2013-03-14 Thread Jörn Nettingsmeier

On 03/14/2013 12:37 PM, Paul Davis wrote:



On Thu, Mar 14, 2013 at 6:42 AM, Jörn Nettingsmeier
mailto:netti...@stackingdwarves.net>> wrote:

On 03/12/2013 08:08 PM, Tim E. Real wrote:

But having said that, yes I'm wondering about a true 'stereo
pan' feature.
How would such a feature work?


there is no one true stereo pan.

a pan law for intensity stereo (i.e. a panned image or an XY
coincident microphone pair) would increase one channel and decrease
another such that the total energy remains constant. a cosine/sine
law is usually used, because

cos^2 + sin^2 = 1

ardour3 attempts to do this, by allowing you to reduce the width (by
introducing crosstalk), and then letting you move the compressed
image left or right. sort of works, but only for pan-potted stuff.
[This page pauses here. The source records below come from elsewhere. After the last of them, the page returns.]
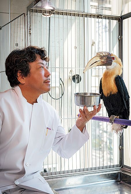 サイチョウの “バンダ” は入院室全体の見張り役だ。
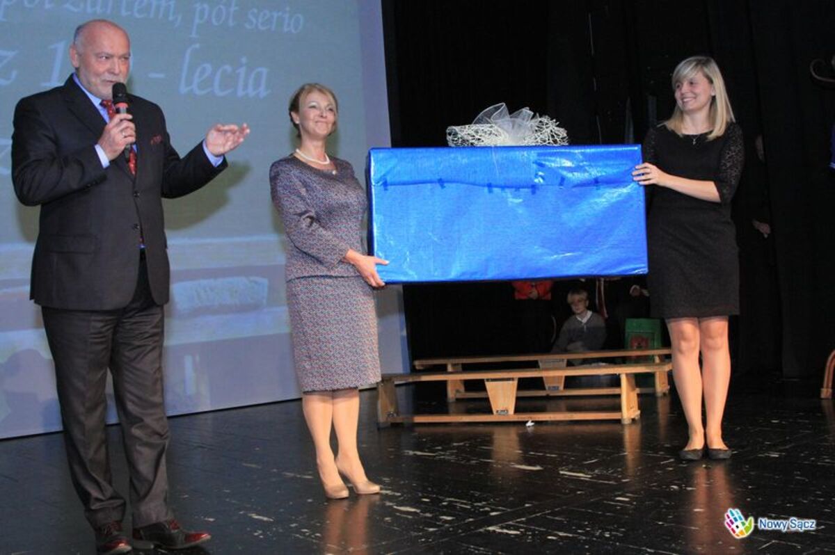 - To jest ważna szkoła, która jest trzecią jeśli chodzi o staż w Nowym Sączu. Ma swoje osiągnięcia i zasługi, dlatego wszystkim, którzy ją przez te wszystkie lata tworzyli, a więc nauczycielom, uczniom, rodzicom serdecznie dziękuję. Bo to jest miejsce, które wpisało się w Nowym Sącz i jego 725-letnią historię również. Ale też trzeba wiedzieć, że prawdziwa szkoła, to warsztat pracy uczniów i nauczycieli, gdzie wykuwa się i wkuwa wiedzę i dobre wychowanie. Tutaj to rzeczywiście widać. Szkoła to powinno być miejsce najlepszej zabawy. I to dzisiaj pokazano, gdzie bawią się wspólnie uczniowie i nauczyciele, tworząc jedną wielką rodzinę - powiedział Jerzy Gwiżdż gratulując dotychczasowej działalności i życząc wielu kolejnych sukcesów edukacyjnych i wychowawczych.
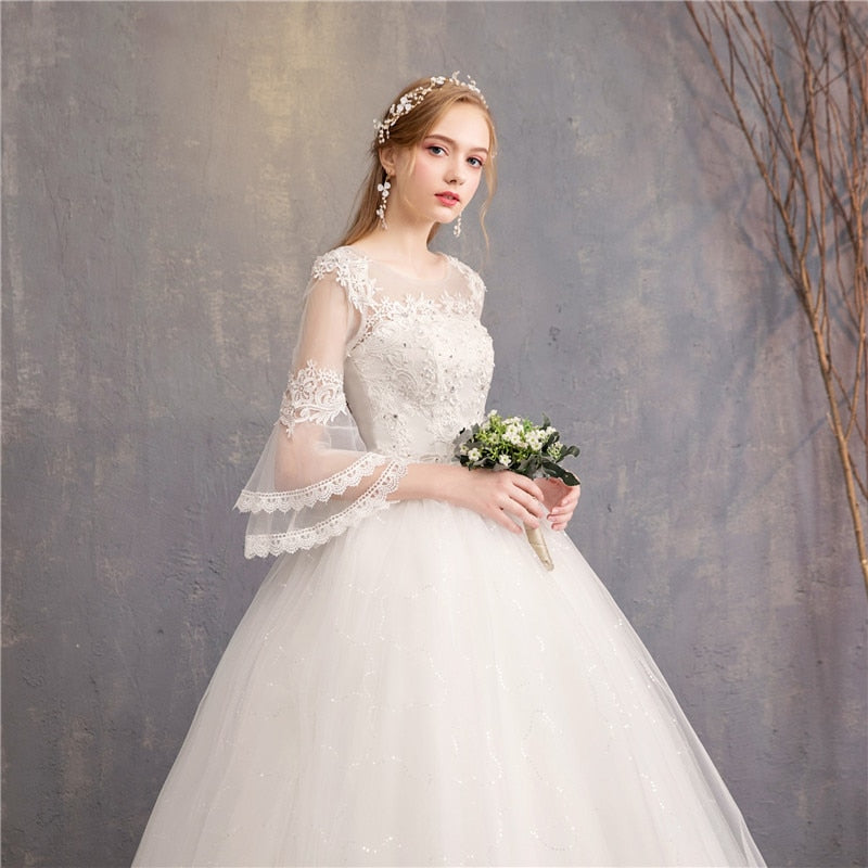 runhufu Wedding Dresses 2023 New Cheap Wedding Dress Full Flare Sleeve Lace Embroidery Princess Vestido De Noiva F
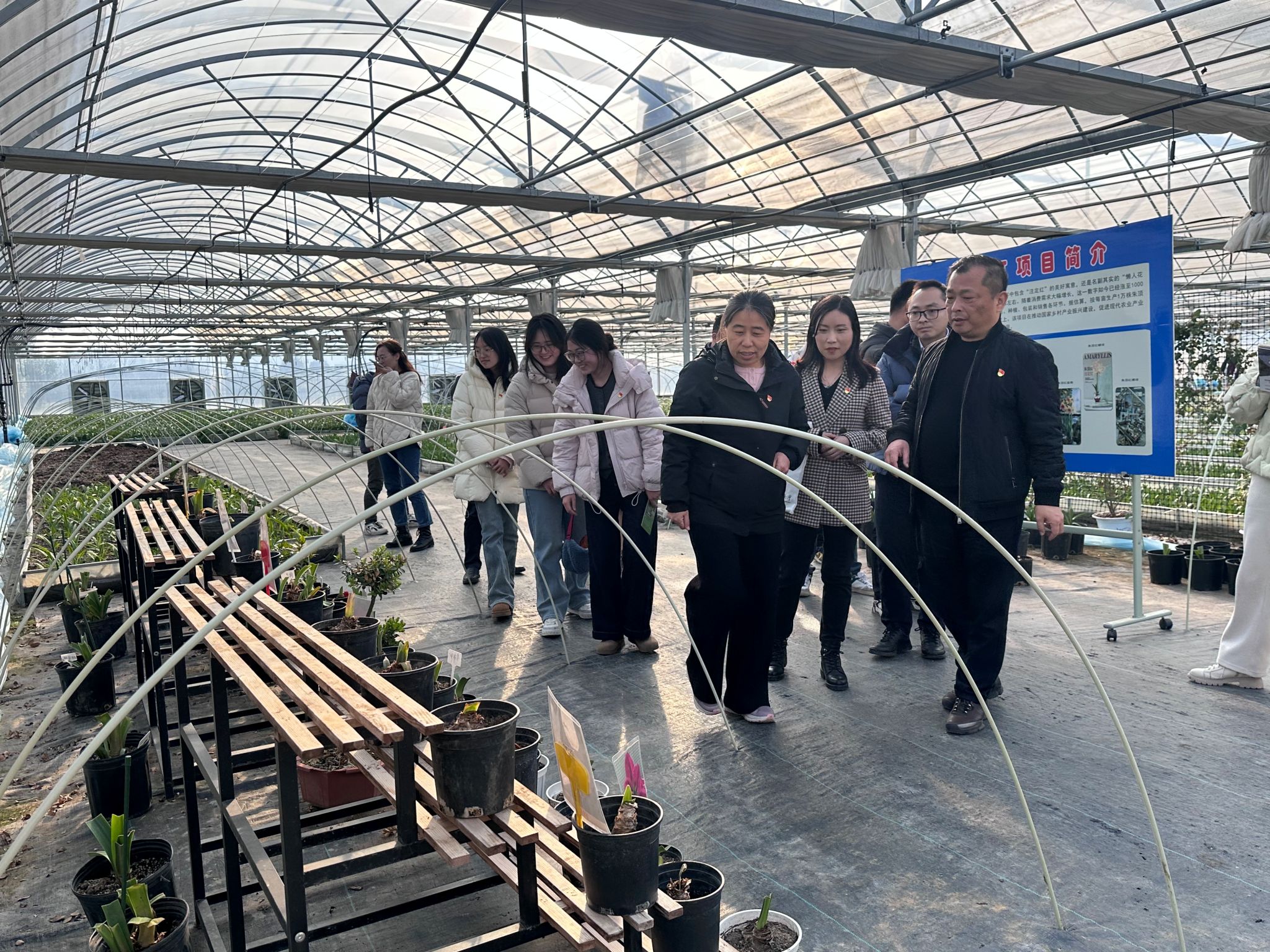 随后,师生一行走访调研映日红发展专业合作社的草花基地,实地体验花草种植的环境与流程。汤泉街道泉西社区党总支书记、居委会主任陈健以及相关生产负责人详细介绍了基地的产业规模、技术应用及市场前景。旅游管理系党支部书记何昭丽结合专业特色,提出“党建引领+农旅融合”发展建议,学生代表在实践调研中增强了对电商助农、品牌推广、劳动教育等议题的思考。

a pan law for run-time stereo (i.e. spaced omnis) would have to use
delays, leaving the original level intact.

the ardour3 panner gets this type of signal horribly wrong, because
you _never_ want to introduce crosstalk in spaced omnis - instant
comb-filtering hell.

for stereo techniques that incorporate both run-time and intensity,
such as ORTF, NOS, EBS, you-name-it, you need different amounts of
gain change _and_ delay.

that's why nobody wants to use a ready-made stereo balance control -
it is almost guaranteed to do the wrong thing for the source
material at hand.


git add libs/panners/spaced_omni_panner
git commit
git push



point taken :)

the problem is, you usually have a mixture of the above. hence, no way 
to get the stereo panner right. unless the user knows exactly what s/he 
is doing, and then s/he doesn't really need a stereo panner :-D


btw, sorry for the pot shot at ardour specifically - in fact, most if 
not all DAWs get it wrong. iirc, some DAWs with a focus on classical 
(sequoia, pyramix) have some code to mogrify complex stereo, but i 
haven't used it.


my approach to complex stereo re-panning is: split the signal into two 
mono busses, add a delay, add eqs if you have to, move faders.
and while we're at it, the same approach works for processing in the MS 
domain. it's painful enough to only use it when you really need it, and 
hard enough to discourage casual users :)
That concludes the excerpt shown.